訴訟の進行に伴って、請求内容の追加や、従来の請求に代えて新たな請求を行うことが紛争の解決のためになることがあるので、訴訟において原告は請求内容の変更が出来るということです。
ただし、この条文を読む際にはむしろ「訴えの変更をされる被告人」に目を向けることで理解しやすくなります。

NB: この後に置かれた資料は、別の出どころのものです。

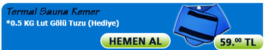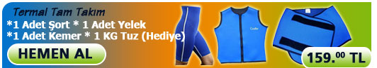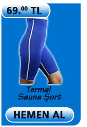 Termal Þort Termal þort diz kapaklarýndan baþlayýp göðüs altýna kadar kapsar. Yüzde yüz neoprenden imal edilmiþtir. Etki alanlarý üst bacak, basen, kalça, göbek, mide ve bel bölgelerindeki yaðlanmayý termal tuz kullanýmý ile birlikte kýsa sürede 10cm'ye kadar incelmeye yardýmcý olur. Termal Yelek Termal yelek, önden fermuarlý oldukça ergonomik ve þýk bir üründür. Etki alanlarý sýrt bölgesindeki yaðlanmalar, koltuk altý yaðlanmalarý ve göðüslerdeki yaðlanmayý gideren, iri göðüsleri dahi küçültebilen yine termal tuz kullanýmý ile birlikte kýsa sürede 10cm'ye kadar incelmeye yardýmcý olur. Termal Kemer Termal kemer, cýrt cýrtlý olup olabildiðince ergonomik ve þýk üründür. Etki alaný bel ve göbek çevresindeki yaðlanma bölgeleridir. Aruz edilmesi halinde Termal Tuz Ýle beraberinde kullanýlabilmektedir. Yýkama Talimatý Ilýk su ve beyaz sabun ile elde yýkanýr. Açýk havada asarak kurutulur. Kesinlikle çýplak radyatör üzerinde ve soba üzerinde kurutmayýnýz. Kullaným Þekli Haftada 3 gün (gün aþýrý) 1 tatlý kaþýðý Termal Tuz®'u yarým bardak ýlýk suda eriterek vücudun problemli yerlerine oval hareketlerle sürüp (en az beþ dakika) kurumasýný bekledikten sonra üzerine Termal Sauna Þort ve Termal Sauna Yelek uygulamak gerekir. Termal Tuz® vücutta maksimum 4 saat kalabilir. Uygulamanýn sonunda mutlaka duþ alýnmalýdýr

例:原告が被告に100万円の支払いを請求していたが、訴訟期間中に被告から30万円の弁済があり、請求金額を減額する。

訴えの変更の種類

1.訴えの追加的変更
従来の請求の趣旨に、新たな請求の追加をするものです。
同一の被告に対して、一つの訴えにより複数の請求をする場合もあります。
単純併合又は予備的併合などがありますが、どの場合でも元々の請求は取り下げず、一緒に判決を求めたり、元々の請求が棄却された場合に第二の請求の判決を同時に求めるといったものとなります。

2.訴えの交換的変更
従来の請求に変えて、新しい趣旨の請求を行うことを指します。
判例では、新請求の追加の提起と、元々の請求の訴えの取り下げを行う複合的形態と考えられております。

訴えの変更の要件

被告が訴えの変更によって反論等の準備を行うことが困難とならないようにという保護・訴訟進行とのバランスを考え、以下の4つが要件となります。
1.請求の基礎に変更がないこと。
2.訴訟手続を著しく遅滞させないこと。
3.口頭弁論の終結前に行うこと。
4.新請求が他の裁判所の専門管轄に属さないこと。

訴えの変更の手続き

訴えの変更は書面にてしなれければならず、被告に送達されます
そのうえで被告は訴えの変更を許さない旨の決定を求める申し立てが可能であり、裁判所は訴えの変更が不当である場合は許さない旨の決定をする必要があります。

民訴法143条2項
「請求の変更は書面でしなければならない。」
民訴法143条3項
「前項の書面は、相手方に送達しなければならない。」

参考
・最高裁判所昭和39年7月10日第2小法廷判決
(「最高裁判所判決 昭和39年度」1093頁~1109頁)
・「最高裁判所判例解説 昭和39年度」260頁~267頁
・「民事訴訟法判例百選 第1版」152頁 著:我妻学
・「民事裁判入門」 著:中野貞一郎 有斐閣

こちらは私が5年ほど前に判例研究を行った際に作成した資料から一部修正したもので、参考文献の版が古かったりしますのでご注意ください。